In my article I explained the waiting lists in Canada were very long and implied this leads to much suffering and death, I then cited a reliable source. For facts on this I refer you to a few places

1. My article on Socialized Medicine
2. Next is the article I quoted in my Mcbama; an article from Dr. Paul Hsieh and Lin Zinzer in the Objective Standard "Moral healthcare Vs Universal healthcare".
3. Lastly here is The Fraser Institutes (Canadian think tank) yearly “Waiting your turn” survey where they give the stats for waiting lists in Canada:

There are of course hundreds of other places to find stats about this and other things Mr. Wilson brought up, but for now I will just discuss this. The Red Herring in this case is when Wilson brings up the irrelevant information that American Emergency rooms are overcrowded and the waiting list in AMERICA is long. The main problem here is I have never disputed the fact that America has long waiting lines and overall not a very good health care system. This Red Herring allowed Wilson, and unfortunately many like him, to agree with a logical fallacy that perpetuates the myth of how great socialism is.

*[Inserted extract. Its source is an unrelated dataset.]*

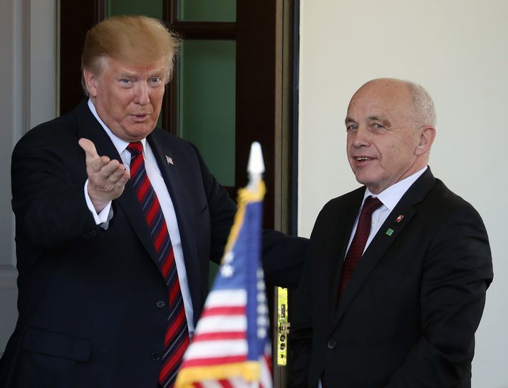 Viðtal við Hatara á CNN vék skyndilega fyrir Trump Kolbeinn Tumi Daðason í Tel Aviv skrifar 16. maí 2019 19:15 Trump og Maurer við Hvíta húsið í dag. Getty/Mark Wilson Matthías Tryggvi Haraldsson og Klemens Hannigan fóru í enn eitt viðtalið á annasömum fjölmiðladegi í Tel Aviv í dag. Í þetta skiptið voru þeir í beinni útsendingu á CNN þar sem þeir svöruðu kunnuglegum spurningum. Viðtalið tók óvænta stefnu þegar skipt var yfir á Donald Trump sem tók á móti Ueli Maurer, forseta Sviss, við Hvíta húsið. Þáttastjórnandinn Becky Anderson hafði þá spurt Matthías og Klemens út í ummæli félaganna í þætti Eurovision-bloggara hér í Ísrael. Þar lýstu þeir heimsókn sinni til Hebron í Palestínu fyrir tæpum tveimur vikum. Þeir sögðu aðskilnaðarstefnu Ísraela vera augljósa en finna mætti götur í Hebron sem Palestínumenn mættu ekki heimsækja. Klemens og Matthías létu ummælin falla í þættinum að neðan, eftir tæpar sex mínútur.Nánar í myndbandinu að neðan.Var spurning Becky hvort Hatari ætlaði að vera með pólitísk skilaboð á laugardagskvöld í úrslitum Eurovision. Liðsmenn Hatara fengu aftur á móti ekki að útskýra þessi ummæli sín strax vegna þess að fylgst var með Trump og Maurer takast í hendur. Þegar Becky komst aftur í samband við Hatara bað hún drengina afsökunar. „Okkur þykir þetta svo leitt. Þetta var forseti Bandaríkjanna,“ sagði Becky og ítrekaði spurningu sína. Matthías var til svars. „Við viljum ekki segja frá plönum okkar á þessu stigi. Þær mætti túlka pólitískt. En við höfum sagt allan tímann að við viljum halda uppi gagnrýnni umræðu um samhengi keppninnar. Það sé mjög pólitísk ákvörðun að halda keppnina í Ísrael.“ Í framhaldinu voru þeir félagar spurðir út í áskorun þeirra til Benjamin Netanyahu um að takast á í íslenskri glímu. Og sömuleiðis hvort vera þeirra hafi breytt skoðun þeirra á stöðu mála. Friður og sameining, einkennismerki Eurovision, sé ekki auðfundið hér í Ísrael.Innslag CNN má sjá hér að neðan. Donald Trump Eurovision Mest lesið Helvíti á jörðu: Emmsjé Gauti minnti á líkamsræktarþjálfara í maníu Gagnrýni Hefur misst vini og kunningja vegna skoðana sinna Lífið Veikindi eyðilögðu líka stóru stund Manúelu Lífið „Ég hugsa til þín á hverjum einasta degi“ Lífið Stjörnulífið: Óskar tíkunum gleðilegra jóla Lífið Leitin á Svínafellsjökli sem hefur enn ekki skilað árangri Lífið Wire-stjarna látin langt fyrir aldur fram Bíó og sjónvarp Kimmel ávarpar bresku þjóðina: Frábært ár fyrir fasisma Lífið Jólatónleikar eru ekki tónlist. Þeir eru neyðaraðgerð Gagnrýni Bestu, stærstu, slökustu og verstu myndir ársins 2025 Bíó og sjónvarp Fleiri fréttir Vísa ásökunum Skinner um kosningasvindl á bug Kimmel ávarpar bresku þjóðina: Frábært ár fyrir fasisma „Ég hugsa til þín á hverjum einasta degi“ Stjörnulífið: Óskar tíkunum gleðilegra jóla Veikindi eyðilögðu líka stóru stund Manúelu Hefur misst vini og kunningja vegna skoðana sinna Leitin á Svínafellsjökli sem hefur enn ekki skilað árangri Krakkatía vikunnar: Ísskápastríð, Eivör og Grafarvogur „Við byrjuðum að hlusta á jólalög í júlí“ Frægir fundu ástina 2025 Íslenska stelpan sem gerðist mormóni Fréttatía vikunnar: Rob Reiner, Dóra Björt og fullir unglingar 500 Esjuferðir á árinu: „Sumir hrista bara hausinn og lygna augunum“ Útgefandi Walliams lætur hann róa Fáklæddir barþjónar þegar Regnboginn opnaði í Bíó Paradís Þriðja stigs krabbameinið það besta sem kom fyrir hann Dúnninn bakaður í fjóra sólarhringa til að drepa allt í honum Heilsu krónprinsessunnar hrakar gríðarlega Pete orðinn pabbi Nýkominn úr meðferð og „sjaldan verið betur nýsleginn túskildingur“ Laufey á lista Obama „Ég heyrði þá kalla á mig en gat engu svarað“ Opnar sig í fyrsta sinn: Kyssti yfirmanninn í fyrsta sinn þetta kvöld Sex hundruð ára kastali Björns í Frakklandi svo gott sem klár Fyrirsát að Valgerði, Stund Pírata og meint alzheimer Þráins Bertelssonar „Það jafnar sig enginn eftir svona og við munum aldrei gera það“ Ungir sjálfstæðismenn gefa út vandræðalegt fjölskyldudagatal Keough sögð líffræðileg móðir Benjamin Travolta Rússland aftur í Eurovision - undirskriftasöfnun Óskarsverðlaununum streymt á Youtube Sjá meira

Also he has made the claim that developed countries are healthier, happier and live longer than American’s, assuming they have socialized medicine of course. There are a couple of problems here, the first is that once again he brings up the fact that America’s health care system isn’t working, which is something entirely different then the point I made of Obama bringing in socialized medicine and how this creates problems, the main one being long waiting lines. Now however, he is using it in a different way to try and persuade people that his point is right based merely off the fact that America’s mainly socialist and partly capitalist system isn’t work. Once again I have never disputed this fact. A second problem with this is that proving that a country has citizens who overall are healthier is hard to prove, and if they are happier it can easily be a subjective idea they have. The only claim he made which can be proven is life span. Which again is not something I’m debating here all I’m saying is that Obama is advocating Socialized medicine and that this is bad, one reason being that it causes such long waiting lines people die waiting.
The purpose of this blog is that I want everyone to think for themselves and do the research to find the truth.

Rhetoric and logical fallacies should not be taken seriously and should be denounced, even ridiculed. When we have a man who is outright lying to each and every one of us who might become president these are the things we need to watch out for. Rhetoric will not save our health care system, rhetoric will not save us from a nuclear Iran, and rhetoric will not get America energy dependent. We need principles, not rhetoric.

Think for yourselves.

2 comments:

Adam said...

Just a thought, dude. Just because some want universal healthcare does not mean we have to do it exactly like Canada. We learn from them, improve it, adapt it to the American lifestyle and standards, and go from there.

cedrac said...

I understand that is people's belief, but as I sarcastically said in my Mcbama article "maybe Obama will get socialism right this time." It doesn't matter how you try to implement socialized medicine, highly regulated medicine, somewhat regulated medicine, its not free its wrong.